[Prompt] Can you set down, exactly as they appear below, the lines from the opening of the material through the one bearing "getiteld 'Schaakmat', alle", minus the pictures?

[Working data]
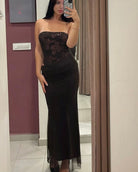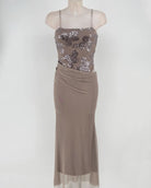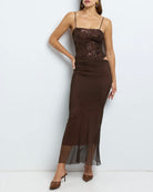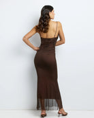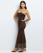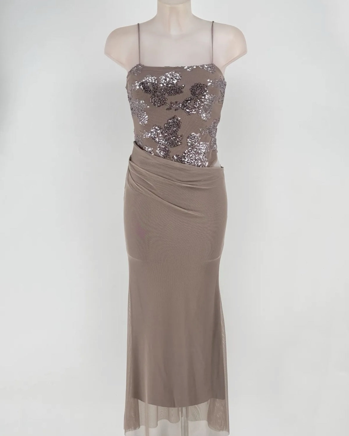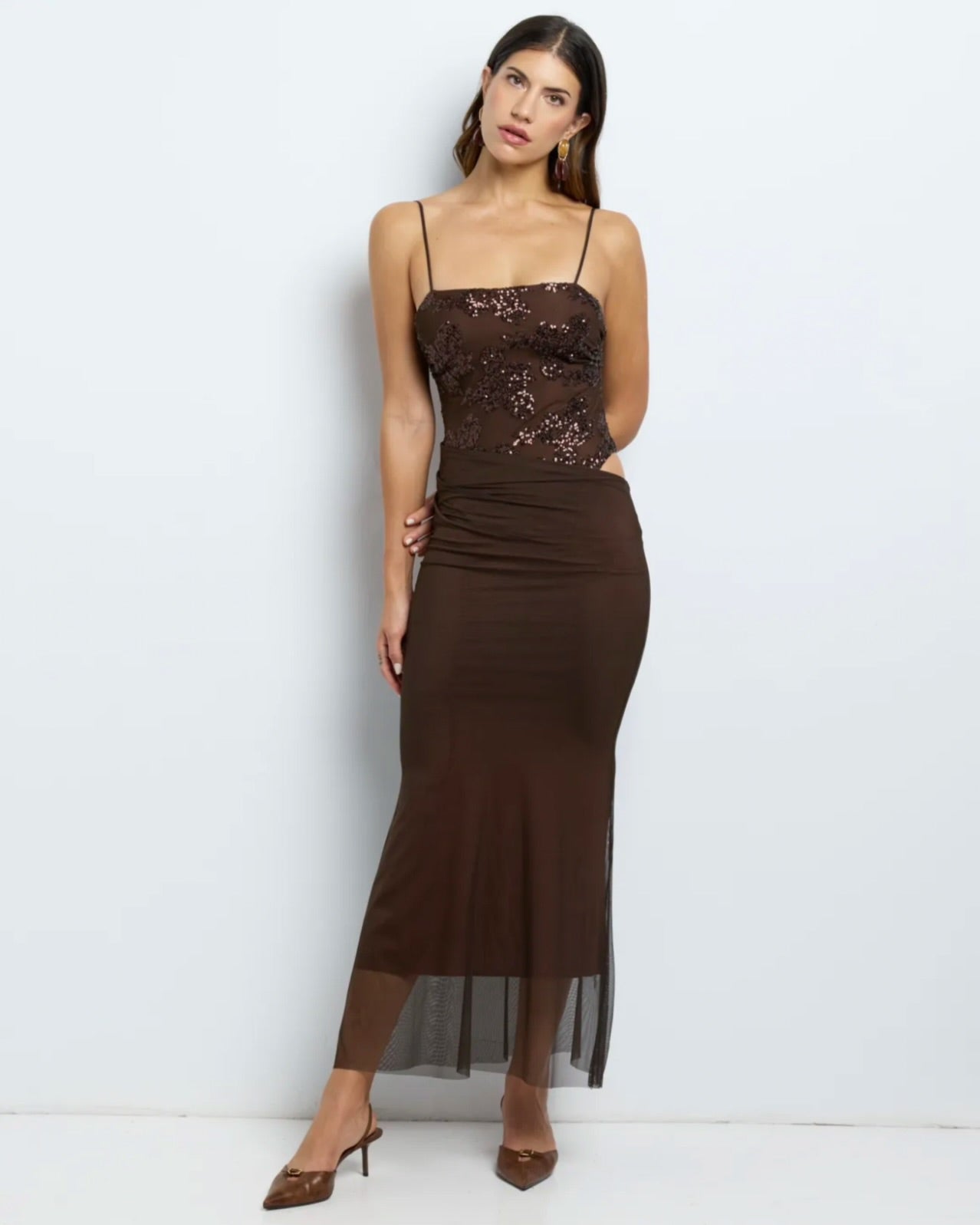 Maxi φόρεμα με ελαστικές ρυθμιζόμενες ράντες Αποτελείται από κορμάκι με πούλιες στο πάνω μέρος και φούστα με διαφάνεια
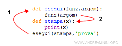 Nella quinta riga invoco la funzione esegui passandogli come primo argomento il nome della funzione 'stampa' e come secondo argomento la stringa 'prova'
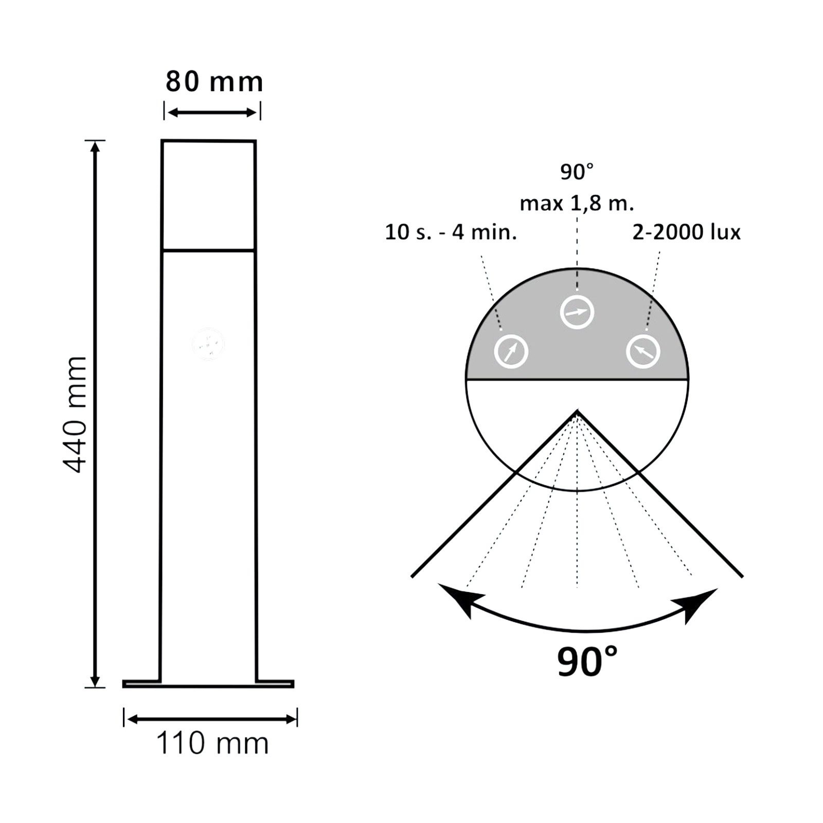 - Einstellung des Dämmerungssensors von 2 bis 2000lux
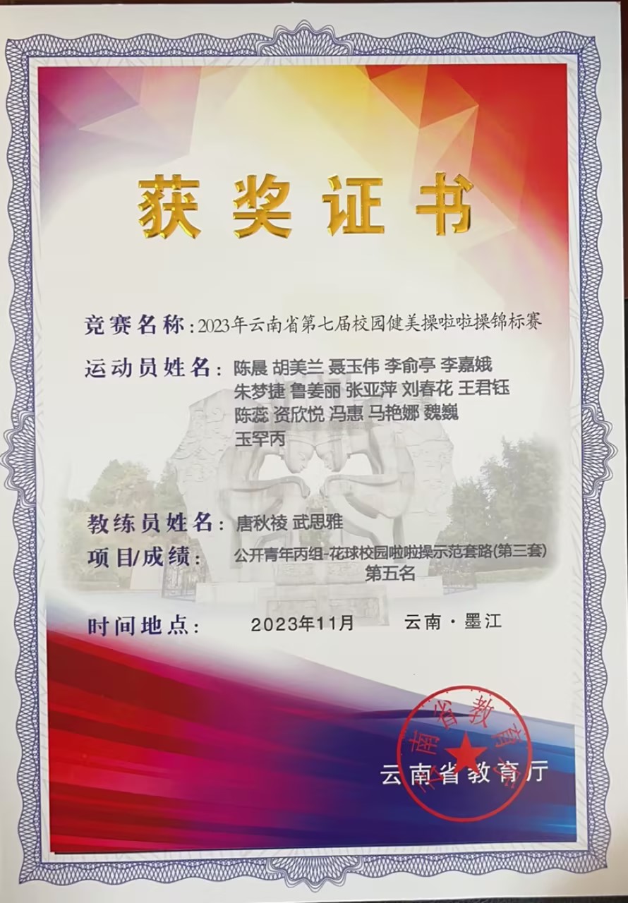 学院16名运动员参加本次比赛,唐秋祾担任领队,在武思雅、唐秋祾两位教练的指导下,学院夺得公开青年丙组《花球规定动作(2020版)-0级》第二名、高职高专组《2018年普及版民族健身操》第四名、公开青年丙组《第三套校园啦啦操示范套路》获得第五名。
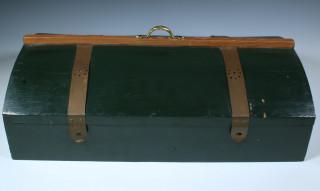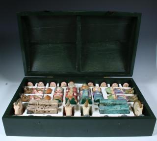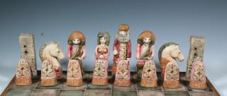 getiteld 'Schaakmat', alle stukken karikaturaal gevormd en polychroom geschilderd, In originele kist. Compleet met keramiek schaakbord. (Hanneke Zuiderhoek, geb. 1940, beeldhouwer/keramist).
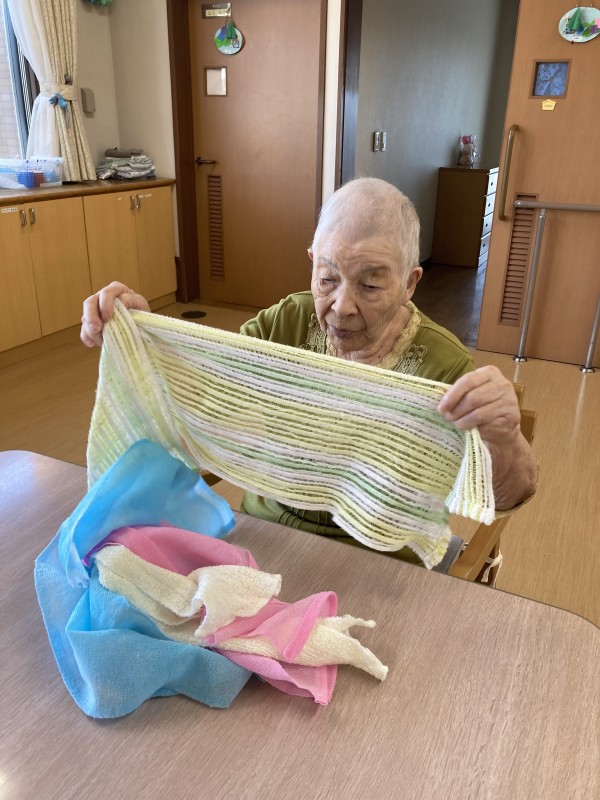 今日の午後、ご入居者様に洗濯物を畳んでいただきました。長年主婦として家庭を支えていた方々ばかりですので、手際よく丁寧に畳んでいただきました。
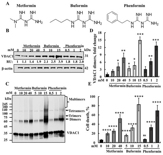 Buformin and phenformin induce VDAC1 overexpression, oligomerization, and apoptotic cell death. (A) Chemical structures of metformin and its analogs buformin (1-butylbiguanide) and phenformin. (B–E) SH-SY5Y cells were incubated for 48 h with the indicated concentrations of metformin, buformin, and phenformin. The cells were analyzed for VDAC1 expression levels (B) by immunoblotting using anti-VDAC1-specific antibodies, with β-actin used as a loading control. VDAC1 levels are shown below the blot in relative units (RUs). Additionally, VDAC1 oligomerization was assessed by incubating protein samples (1 mg/mL) with the cross-linking reagent EGS (100 μM), followed by immunoblotting using anti-VDAC1 antibodies. The positions of the VDAC1 monomers, dimers, trimers, tetramers, and higher oligomers are indicated (C). The level of VDAC1 dimers was quantified using ImageJ software (D) and presented relative to its levels in control cells. Samples were also analyzed for cell death (E) by PI staining and flow cytometry. The results represent the means ± SE; p < 0.05 (*), p < 0.01 (**), p < 0.001 (***), or p < 0.0001 (****), ns—non-significant.
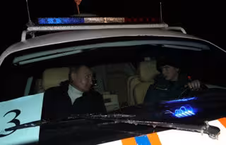 HANDOUT - 07 January 2021, Russia, Lipno Island: Russian President Vladimir Putin (L) arrives to attend the Christmas service at the Saint Nicholas Church. Photo: -/Kremlin/dpa - ATTENTION: editorial use only and only if the credit mentioned above is re
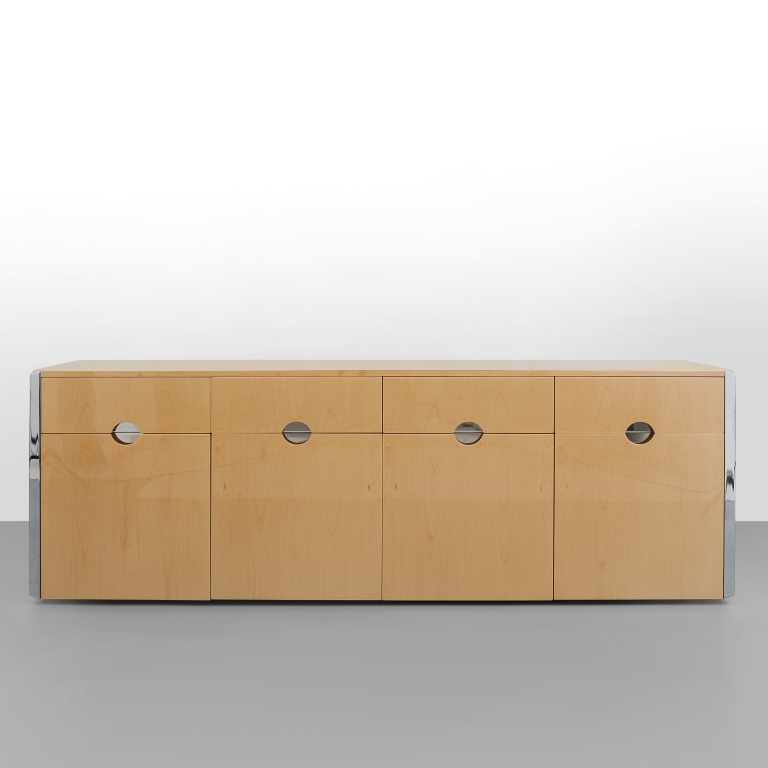 Maple wood veneered wood polished with polyester and chrome-platead brass, with a manufacturer's metal label.
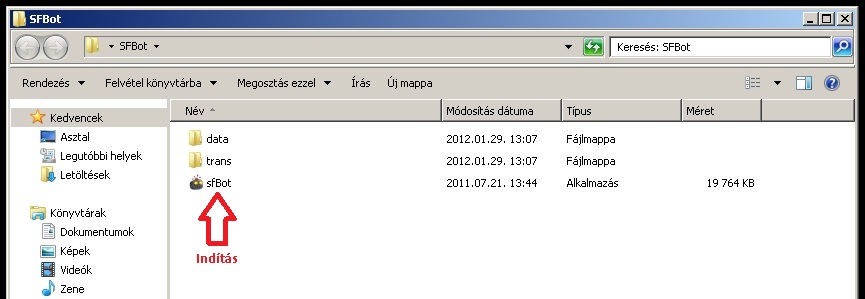 Az sfBot Alkalmazást elindítod.

[Written answer]
 Maxi φόρεμα με ελαστικές ρυθμιζόμενες ράντες Αποτελείται από κορμάκι με πούλιες στο πάνω μέρος και φούστα με διαφάνεια
 Nella quinta riga invoco la funzione esegui passandogli come primo argomento il nome della funzione 'stampa' e come secondo argomento la stringa 'prova'
 - Einstellung des Dämmerungssensors von 2 bis 2000lux
 学院16名运动员参加本次比赛,唐秋祾担任领队,在武思雅、唐秋祾两位教练的指导下,学院夺得公开青年丙组《花球规定动作(2020版)-0级》第二名、高职高专组《2018年普及版民族健身操》第四名、公开青年丙组《第三套校园啦啦操示范套路》获得第五名。
 getiteld 'Schaakmat', alle stukken karikaturaal gevormd en polychroom geschilderd, In originele kist. Compleet met keramiek schaakbord. (Hanneke Zuiderhoek, geb. 1940, beeldhouwer/keramist).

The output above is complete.